== What is required ==
Please give back the listing exactly, without any of its pictures.

== Data ==
Segment Open

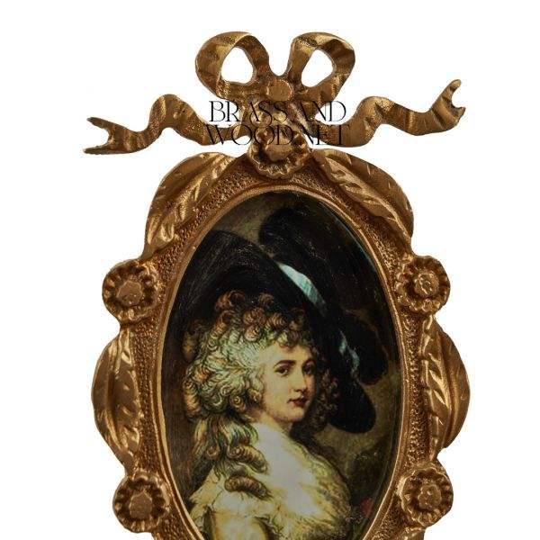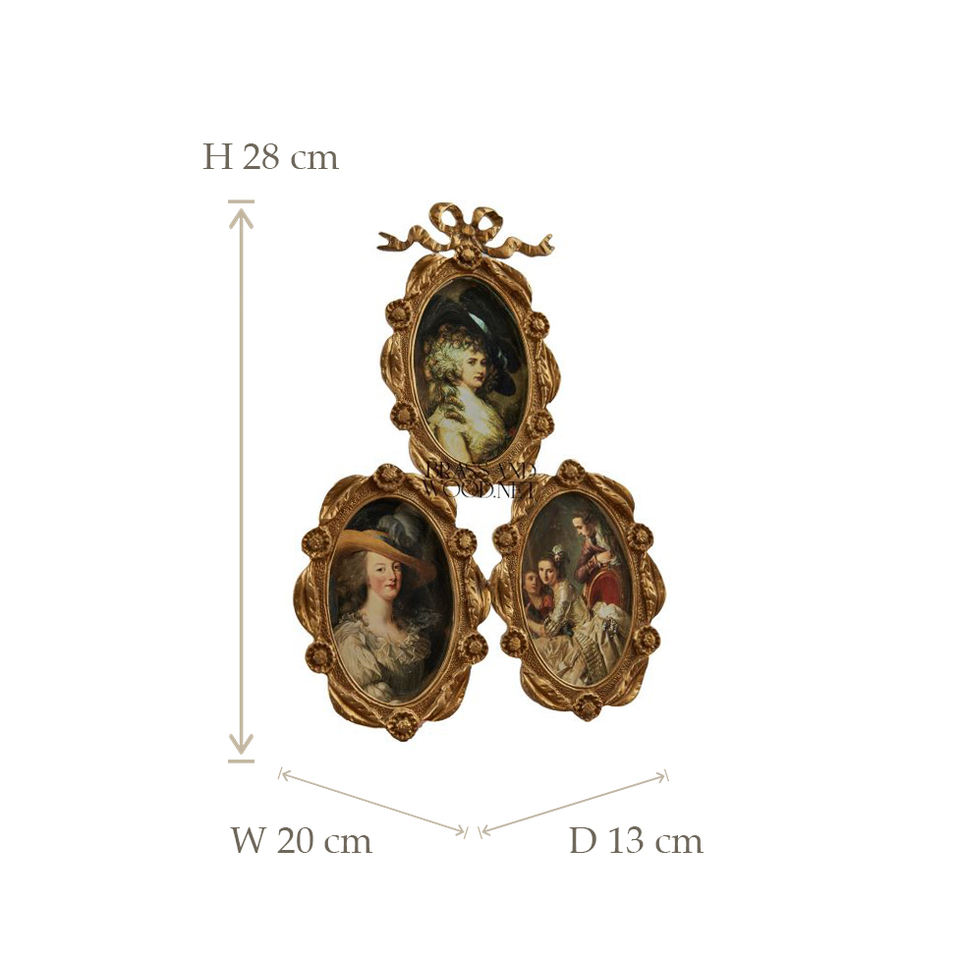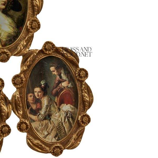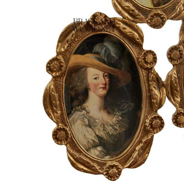 Cadre mural en laiton antique avec trois portraits ovales de style européen classique décorés d'élégants détails floraux
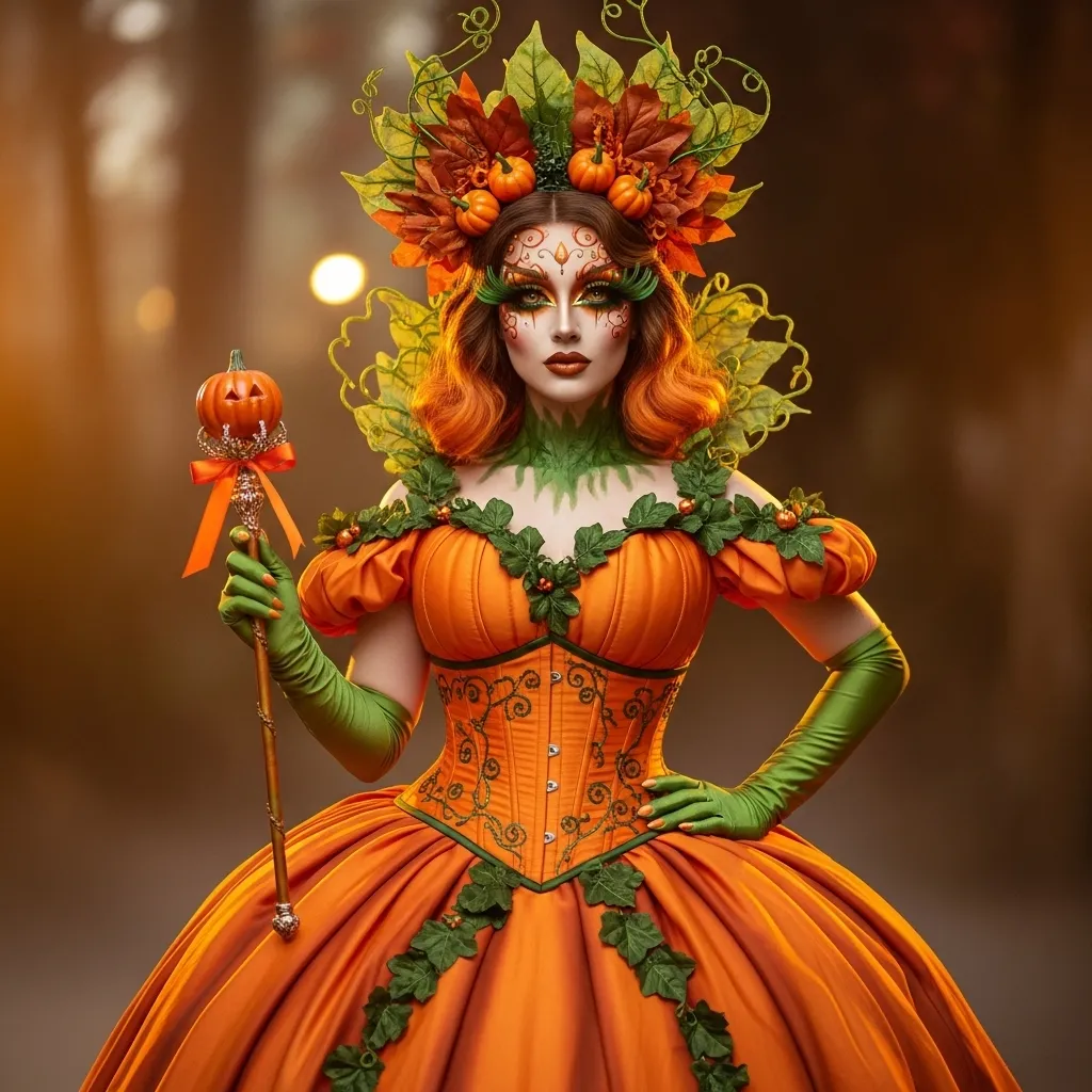 The pumpkin queen outfit puts a playful spin on Halloween’s most iconic symbol. Start with a pumpkin-orange dress, corset, or ballgown, accented with leafy green details at the neckline or waist. Add a crown made of vines, leaves, or mini pumpkins for a regal finish. Accessories like pumpkin-shaped earrings or orange-and-black jewelry tie the outfit together beautifully.
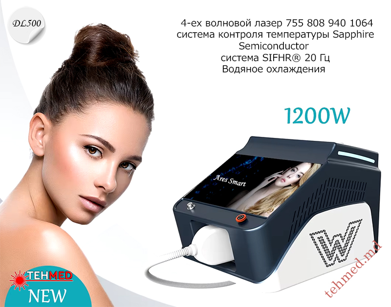 Диодный лазер для эпиляции и омоложения кожи Ares Smart DL500 - свежая модель , произведена в 2024 ом году . Это 4-волновой лазер 755 nm, 808 nm , 940 nm , 1064 nm.
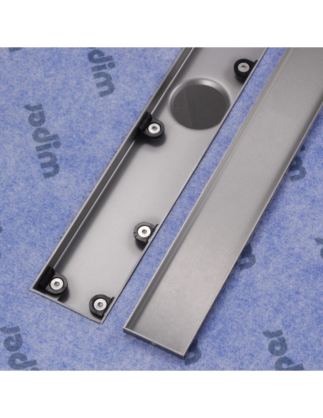 Duschrinnen aus der Produktserie "Wiper MCR PVD" verfügen über eine effiziente Sekundärentwässerung = eine versteckte, doppelte Ablaufebene unter dem Bodenbelag. Diese stellt neben der primären Entwässerung eine wichtige Funktion im Falle von Undichtigkeiten dar: falls Sickerwasser, z.B. durch Rissbildungen im Untergrund, in tiefere Bauschichten gelangt, verhindert die Sekundärentwässerung ein Anstauen des Wassers und eine daraus resultierende Schimmelbildung. Stattdessen sorgt sie dafür, dass die Feuchtigkeit dennoch problemlos entweichen kann. Das sekundäre System schützt somit langfristig vor Feuchtigkeitsschäden, die oftmals jahrelang unbemerkt bleiben.

Segment Closed

== Output for this task ==
 Cadre mural en laiton antique avec trois portraits ovales de style européen classique décorés d'élégants détails floraux
 The pumpkin queen outfit puts a playful spin on Halloween’s most iconic symbol. Start with a pumpkin-orange dress, corset, or ballgown, accented with leafy green details at the neckline or waist. Add a crown made of vines, leaves, or mini pumpkins for a regal finish. Accessories like pumpkin-shaped earrings or orange-and-black jewelry tie the outfit together beautifully.
 Диодный лазер для эпиляции и омоложения кожи Ares Smart DL500 - свежая модель , произведена в 2024 ом году . Это 4-волновой лазер 755 nm, 808 nm , 940 nm , 1064 nm.
 Duschrinnen aus der Produktserie "Wiper MCR PVD" verfügen über eine effiziente Sekundärentwässerung = eine versteckte, doppelte Ablaufebene unter dem Bodenbelag. Diese stellt neben der primären Entwässerung eine wichtige Funktion im Falle von Undichtigkeiten dar: falls Sickerwasser, z.B. durch Rissbildungen im Untergrund, in tiefere Bauschichten gelangt, verhindert die Sekundärentwässerung ein Anstauen des Wassers und eine daraus resultierende Schimmelbildung. Stattdessen sorgt sie dafür, dass die Feuchtigkeit dennoch problemlos entweichen kann. Das sekundäre System schützt somit langfristig vor Feuchtigkeitsschäden, die oftmals jahrelang unbemerkt bleiben.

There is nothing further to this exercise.